Tracking Inverse Optimal Control Law

Consider the tracking error as $z_k=x_k-x_{\delta ,k}$, $x_{\delta ,k}$ being the desired trajectory for $x_k$. Let us define the control law:

$$u_k^{*}=-\frac{1}{2}{R}^{-1}{g}^T\left(x_k\right)\frac{\partial V\left(z_{k+1}\right)}{\partial z_{k+1}}$$

(10)

It is inverse optimal if:

i.

Tracking Inverse: It achieves (global) asymptotic stability of $x_k=0$ for system Equations (1) and (2) along with reference $x_{\delta ,k}$;

ii.

Second $V\left(z_k\right)$ is a (radially unbounded) positive definite function such that inequality

$$\overline{V}:=V\left(z_{k+1}\right)-V\left(z_k\right)+u_k^{*T}R\left(x_k\right)u_k^{*}\le 0$$

(11)

is satisfied.

When we select $l\left(z_k\right):=-\overline{V}$, the $V\left(z_x\right)$ is a solution for Equation (9) and the cost functional expressed by Equation (4) is minimized.

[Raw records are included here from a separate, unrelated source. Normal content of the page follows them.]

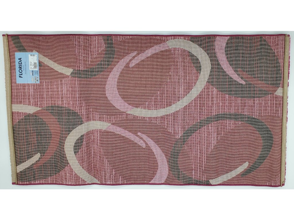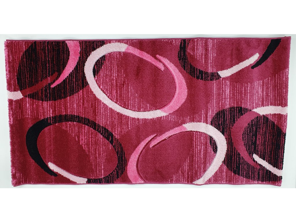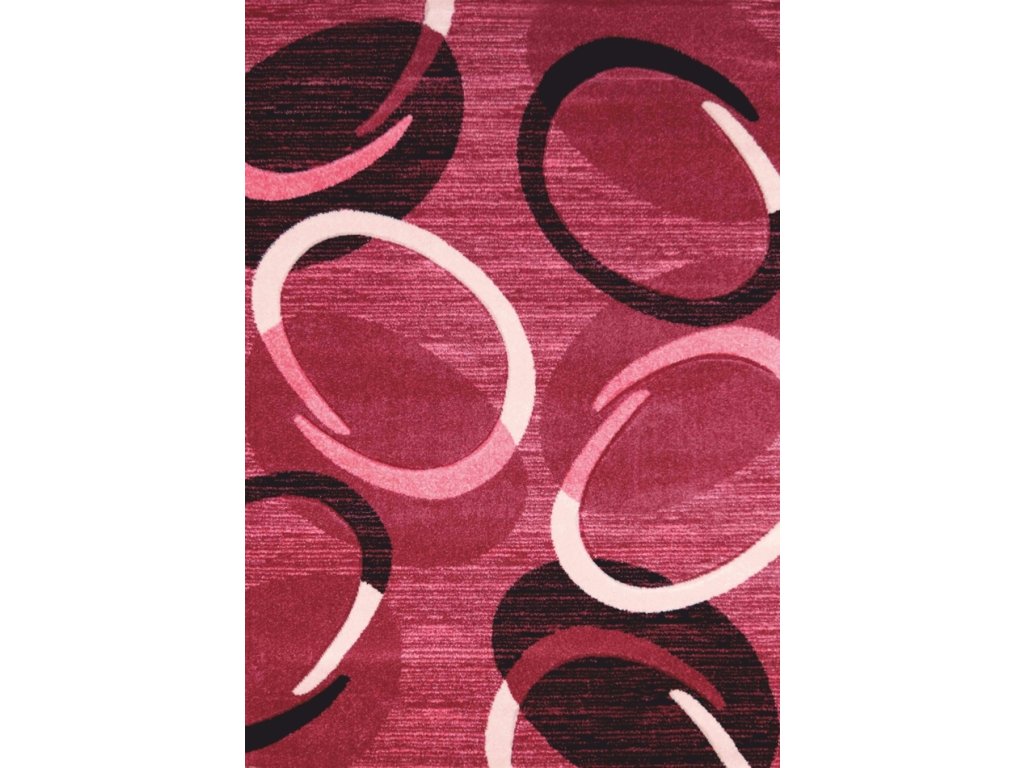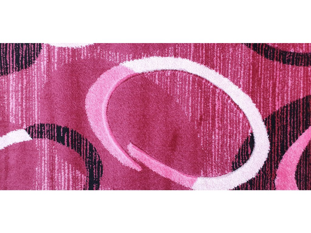 Kusový koberec Floria fuchsia z odolného polypropylenu heatset frizé v kombinaci světle a tmavě růžové barvy se vzory koleček a proužků. Jedná se o výrazný koberec vhodný do moderního interiéru.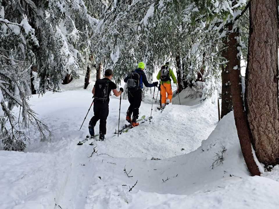 Erstaunlich, dass man um diese Jahreszeit noch in Guttet starten und wieder ganz nach unten fahren konnte. In höheren Lagen wären Touren heute wegen dem vielen Neuschnee sehr heikel gewesen.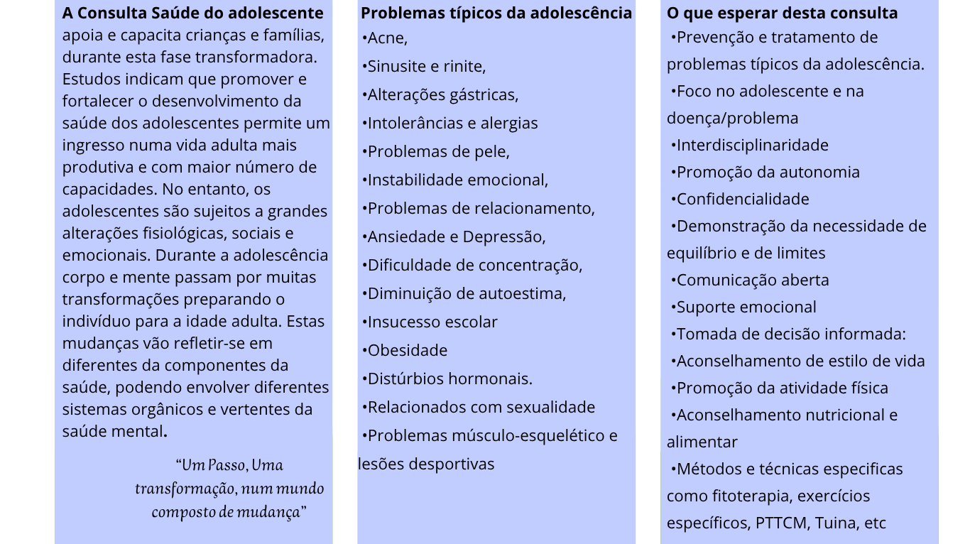 A Consulta Saúde do adolescente apoia e capacita crianças e famílias, durante esta fase transformadora. Estudos indicam que promover e fortalecer o desenvolvimento da saúde dos adolescentes permite um ingresso numa vida adulta mais produtiva e com maior número de capacidades. No entanto, os adolescentes são sujeitos a grandes alterações fisiológicas, sociais e emocionais. Durante a adolescência corpo e mente passam por muitas transformações preparando o indivíduo para a idade adulta. Estas mudanças vão refletir-se em diferentes da componentes da saúde, podendo envolver diferentes sistemas orgânicos e vertentes da saúde mental.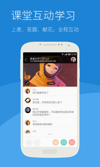 2.课堂实时在线互动,支持语音、文字、图片公屏消息

As established in Definition (1) the inverse optimal control law for trajectory tracking is based on the knowledge of $V\left(z_k\right)$. For this reason, we proposed a CLF, $V\left(z_k\right)$, such that (i) and (ii) are guaranteed. In this way, instead of solving Equation (9) for $V\left(z_k\right)$, a quadratic CLF candidate $V\left(z_k\right)$ for the Equation (10) is proposed as follows:

$$\begin{array}{cc}V\left(z_k\right)=\frac{1}{2}{z}_k^{T}P{z}_k,\hfill & \hfill P=P^T>0\end{array}$$

(12)

To ensure stability of the tracking error $z_k$, where

$$\begin{array}{l}{z}_k=x_k-x_{\delta ,k}\\ z_k=\left[\begin{array}{c}\left(x_{1,k}-x_{1\delta ,k}\right)\\ \left(x_{2,k}-x_{2\delta ,k}\right)\\ \begin{array}{c}⋮\\ \left(x_{n,k}-x_{n\delta ,k}\right)\end{array}\end{array}\right]\end{array}$$

(13)

moreover, it will be established that the control law expressed by Equation (10) with Equation (12), which is referred to as the inverse optimal control law, optimizes a cost functional of Equation (4) [26].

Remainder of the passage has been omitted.